Yesterday, in the mid morning I started having pain again in my abdomen. I took the pain medication..which makes me nervous...and it worked so I went on with my day. I relaxed, rested, played and cooked 7 layer bars....don't worry, it takes 5 minutes, literally. We got the bay to bed, along with mom, dad and ethan...then it hit like a ton of bricks.
It was instant, excrutiating pain in my abdomen. I had taken pain meds 15 minutes before the episode...hoping to fight it off. But, it grabbed hold of me...so painful, so many tears, I couldn't get out of bed to walk to the car, or for Todd to carry me. I started trembling and Todd called the ambulance. I scared him...I was scared.

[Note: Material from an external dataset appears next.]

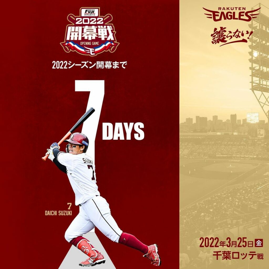 .✨⚾️✨⚾️✨⚾️✨⚾️✨⚾️✨ 2022シーズン開幕まで…7日‼️‼️ ✨⚾️✨⚾️✨⚾️✨⚾️✨⚾️✨ 鈴木大地選手へ応援メッセージをよろしくお願いします👏🏼 #rakuteneagles#譲らない#東北開幕#鈴木大地 NPB Pacific LeagueOfficial MediarakuteneaglesTohoku Rakuten Golden EaglesTohoku Rakuten Golden Eagles Official Media東北楽天ゴールデンイーグルス東北開幕譲らない鈴木大地 NPBHUB.COM | The Fanbase of Nippon Baseball & Nippon Professional Baseball

The ambulance brought me to the hospital and the pain meds started to kick in. ..so I was ready to go home and forget it happened...not Todd. He was not going home until we had an answer. So, another ultrasound showed there was tissue in my uterus still. Actually, the ultrasound from Thursday was identical, which means he didn't get the tissue out, it might be grown into the wall of my uterus...UGH!

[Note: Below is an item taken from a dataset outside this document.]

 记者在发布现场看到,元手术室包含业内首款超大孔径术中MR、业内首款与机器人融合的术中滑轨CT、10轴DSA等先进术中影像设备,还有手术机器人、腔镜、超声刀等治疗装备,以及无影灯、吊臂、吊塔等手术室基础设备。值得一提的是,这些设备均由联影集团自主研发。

So, I was admitted to the hospital overnight to meet with the doctor on call this morning. Todd stayed with me as well. Mom and Dad were still at in town so the other kiddos had no clue what was going on.

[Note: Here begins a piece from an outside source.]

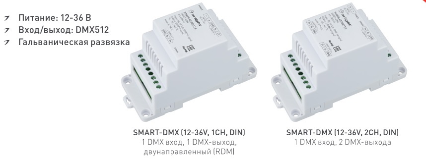 Усилители DMX – сигнала в SMART освещении. Усилители используются для расширения DMX-системы при подключении дополнительных новых устройств или при увеличении расстояния передачи сигнала по DMX-шине. Ознакомимся с новыми моделями, проводным и беспроводным усилителем. Проводной усилитель SMART-DMX. Усилитель по напряжению 12-36 В. Способ установки на DIN-рейку в щите управления освещением. Модель усилителя одноканальная способна передавать сигналы в обе стороны, что дает возможность эффективно работать в DMX-системах с RDM. Двухканальный усилитель применяют в случаях, когда разветвляют DMX-шину. За счет гальванических развязок, которыми оснащены разъемы устройств, дает устойчивость к помехам, что повышает надежность работы DMX-системы. Схема подключения: Беспроводный усилитель SMART-DMX. Усилитель используют для передачи DMX–сигнала на расстояние до 400 метров. Для данной работы устройства использ

This morning Dr. Roberts came in and said she would schedule me another D&C today. We are to get the pathology back on Thursday's procedure Monday which would tell us if I had placenta accreta...that is when the placent grows into the uterus. If that is the case I will need a hysterectomy tomorrow. So, instead of two surgeries, they are managing my pain with a morphine pump...wahoo...and we will know in the morning the pathology and make some decisions. Haven't been feeling good...therefore, not in a blogging mood...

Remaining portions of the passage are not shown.